Extreme Low-Bit Inference in Reasoning Models: Failure Modes and Targeted Recovery 文章

ArXiv CS.AI2026-06-02NEWSen作者: Ekaterina Alimaskina, Darya Rudas, Denis Shveykin, Gleb Molodtsov, Pavel Vasiliev, Aleksandr Beznosikov

摘要

arXiv:2606.02011v1 Announce Type: new Abstract: Large Reasoning Models (LRMs) rely on long reasoning traces, making inference expensive. While low-bit quantization reduces per-token decoding cost, we show that aggressive 2-bit inference can fail to deliver end-to-end speedup because instability in the generation process inflates total token count.

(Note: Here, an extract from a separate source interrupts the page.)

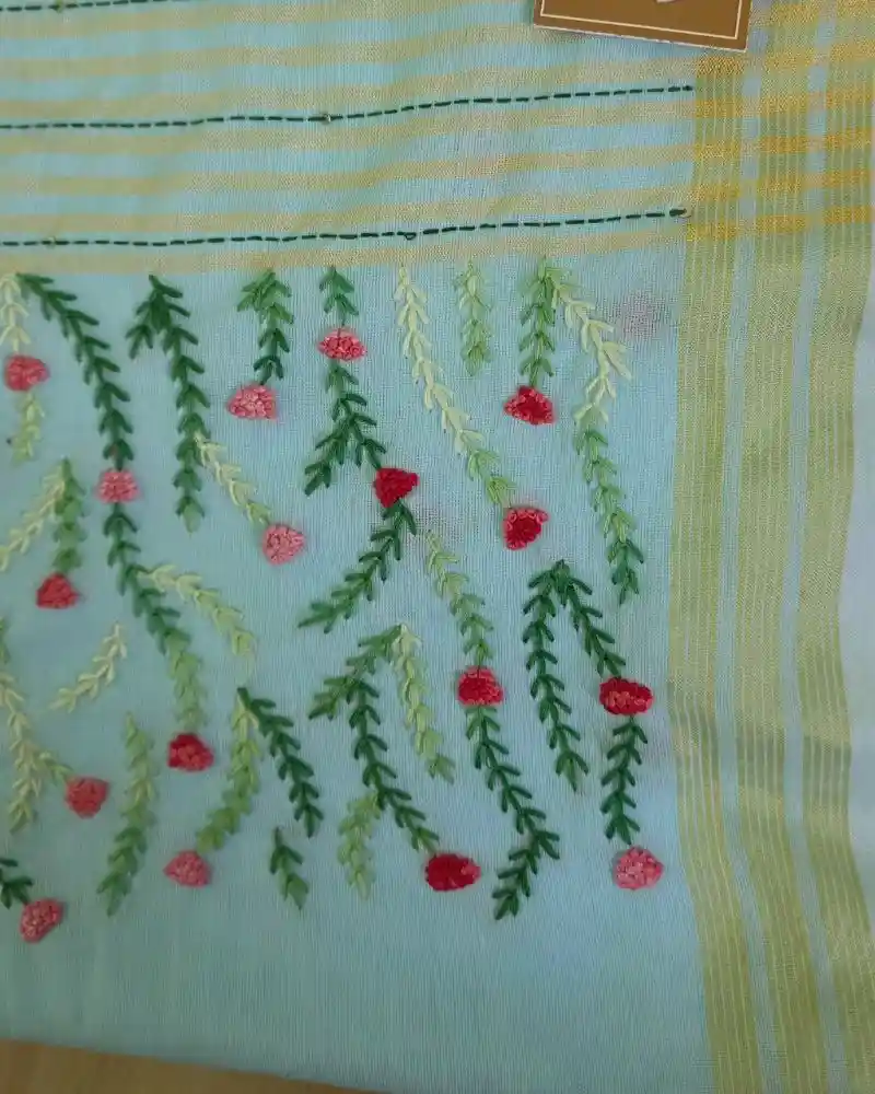 A maroon handloom pure cotton saree with handmade hand embroidery sounds absolutely exquisite! Handloom sarees are known for their craftsmanship and elegance, while hand embroidery adds a personal touch and intricate beauty to each piece.
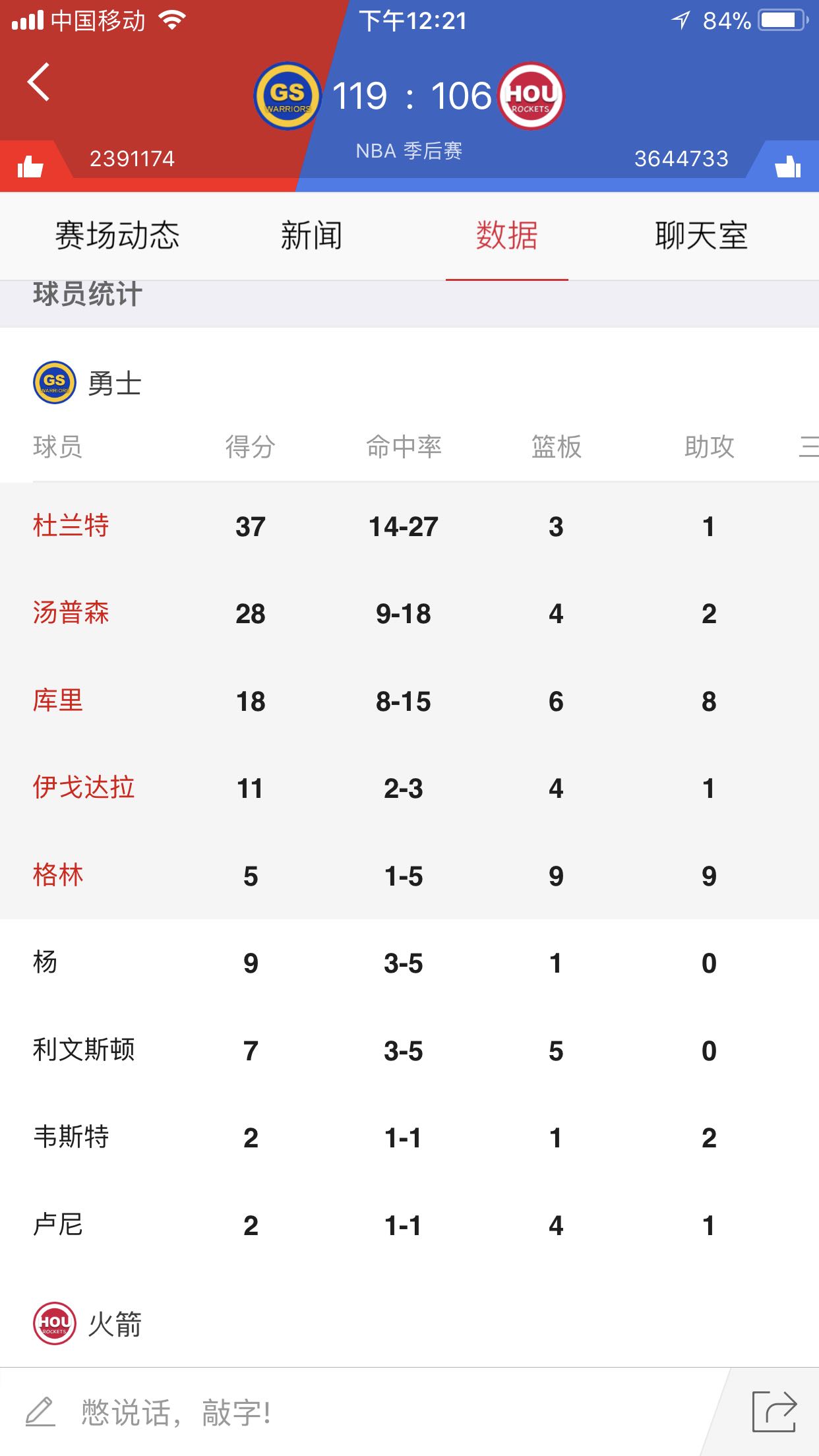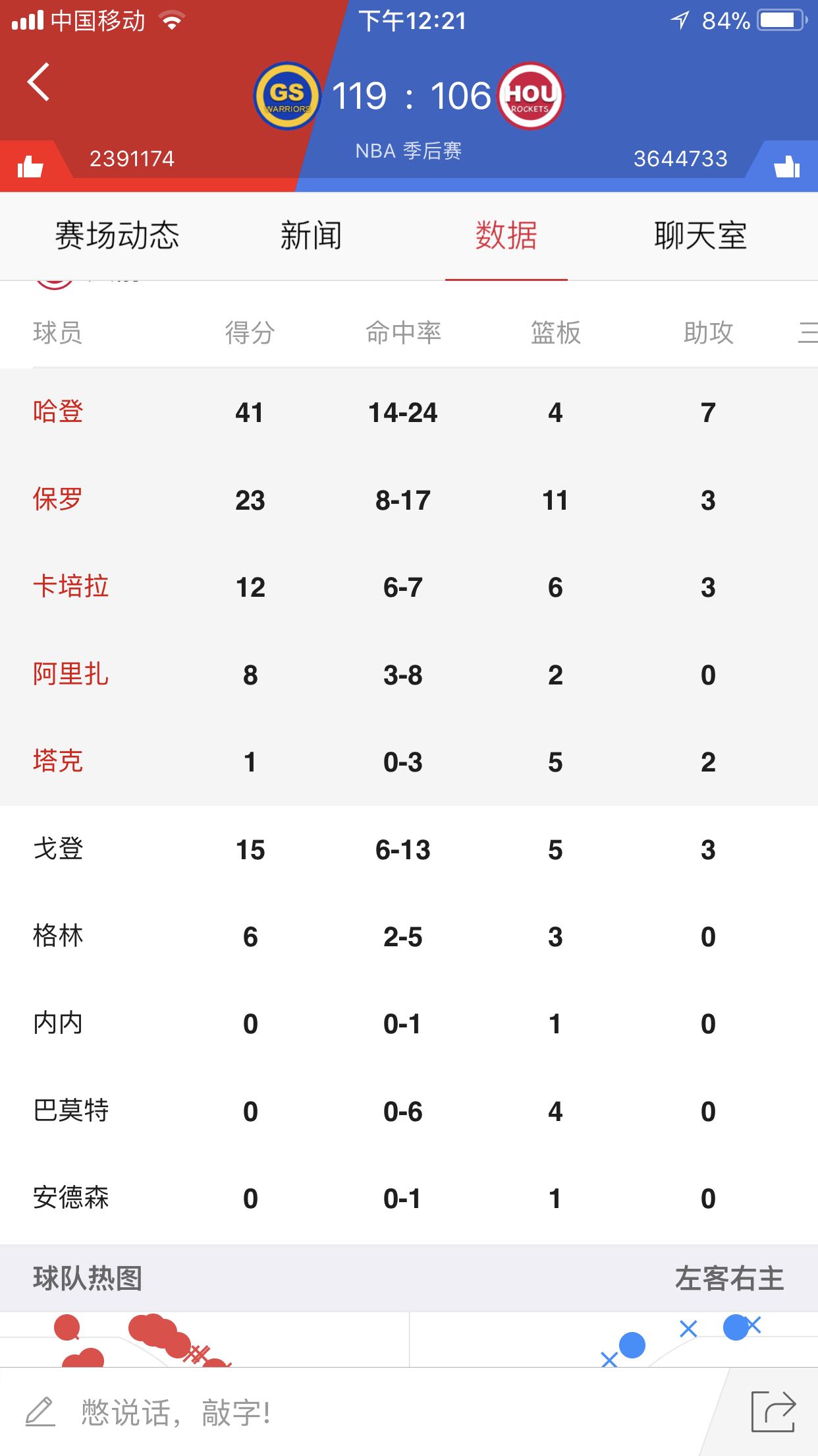 来吧,数据说话,两场球的数据,我觉得火箭还有戏!

Instead of merely lowering answer accuracy, 2-bit quantization often produces much longer traces with repetitive loops, budget exhaustion, delayed commitment, and unclosed reasoning segments. We analyze full reasoning traces of Qwen3 reasoning models across mathematical and commonsense benchmarks and show that accuracy degradation is tightly linked to these process-level failures. To address them, we introduce two lightweight controls: FP16 planning, which gives the 2-bit model a short high-precision outline, and loop rescue, which detects repetitive traces and either commits to an earlier answer or falls back to FP16.